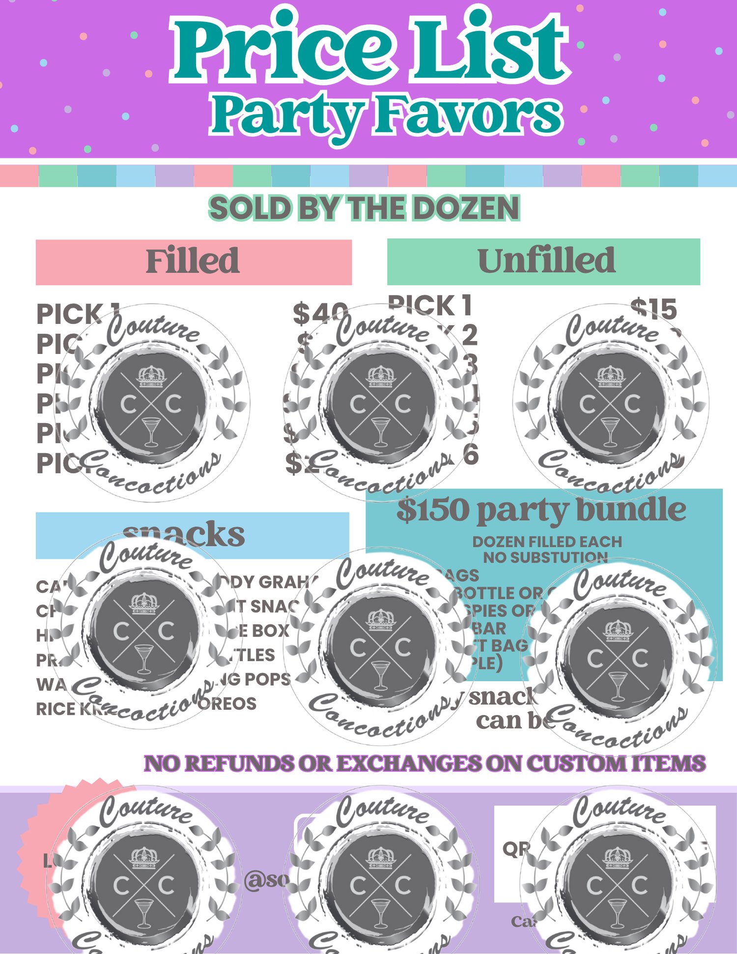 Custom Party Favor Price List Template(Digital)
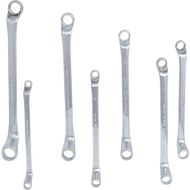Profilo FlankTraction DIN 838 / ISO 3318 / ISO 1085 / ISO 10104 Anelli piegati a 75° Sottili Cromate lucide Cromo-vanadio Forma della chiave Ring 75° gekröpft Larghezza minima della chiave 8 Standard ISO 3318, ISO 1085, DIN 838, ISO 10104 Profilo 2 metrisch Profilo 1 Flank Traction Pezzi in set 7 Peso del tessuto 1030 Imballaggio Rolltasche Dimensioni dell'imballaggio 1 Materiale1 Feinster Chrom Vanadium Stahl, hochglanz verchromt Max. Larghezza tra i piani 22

* * *

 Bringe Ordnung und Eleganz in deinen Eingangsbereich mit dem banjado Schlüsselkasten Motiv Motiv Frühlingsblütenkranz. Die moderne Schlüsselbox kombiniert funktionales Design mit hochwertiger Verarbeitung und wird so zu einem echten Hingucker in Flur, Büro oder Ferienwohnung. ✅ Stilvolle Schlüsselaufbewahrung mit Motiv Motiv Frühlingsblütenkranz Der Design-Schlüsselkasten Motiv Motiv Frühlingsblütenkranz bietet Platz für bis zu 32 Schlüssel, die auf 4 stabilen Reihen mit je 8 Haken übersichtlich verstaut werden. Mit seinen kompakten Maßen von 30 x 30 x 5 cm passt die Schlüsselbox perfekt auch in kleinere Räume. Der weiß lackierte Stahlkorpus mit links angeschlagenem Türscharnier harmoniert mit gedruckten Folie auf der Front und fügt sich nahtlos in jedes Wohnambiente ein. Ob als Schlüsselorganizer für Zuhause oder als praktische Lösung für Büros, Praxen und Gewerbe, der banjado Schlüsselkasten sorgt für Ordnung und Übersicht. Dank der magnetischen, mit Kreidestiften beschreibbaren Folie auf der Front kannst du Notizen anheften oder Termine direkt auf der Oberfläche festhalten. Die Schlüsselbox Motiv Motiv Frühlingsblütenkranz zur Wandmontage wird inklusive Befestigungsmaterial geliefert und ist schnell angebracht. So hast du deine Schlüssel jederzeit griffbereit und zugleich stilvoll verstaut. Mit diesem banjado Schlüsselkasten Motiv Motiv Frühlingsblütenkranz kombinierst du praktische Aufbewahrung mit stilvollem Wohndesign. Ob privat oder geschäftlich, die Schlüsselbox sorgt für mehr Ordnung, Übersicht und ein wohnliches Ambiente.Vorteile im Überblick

■ **Aim of the exercise**
Print exactly the lines above that run from the one with "Custom Party Favor" to the one with "Profilo FlankTraction DIN", both included. No pictures.

■ **Exercise answer**
 Custom Party Favor Price List Template(Digital)
Profilo FlankTraction DIN 838 / ISO 3318 / ISO 1085 / ISO 10104 Anelli piegati a 75° Sottili Cromate lucide Cromo-vanadio Forma della chiave Ring 75° gekröpft Larghezza minima della chiave 8 Standard ISO 3318, ISO 1085, DIN 838, ISO 10104 Profilo 2 metrisch Profilo 1 Flank Traction Pezzi in set 7 Peso del tessuto 1030 Imballaggio Rolltasche Dimensioni dell'imballaggio 1 Materiale1 Feinster Chrom Vanadium Stahl, hochglanz verchromt Max. Larghezza tra i piani 22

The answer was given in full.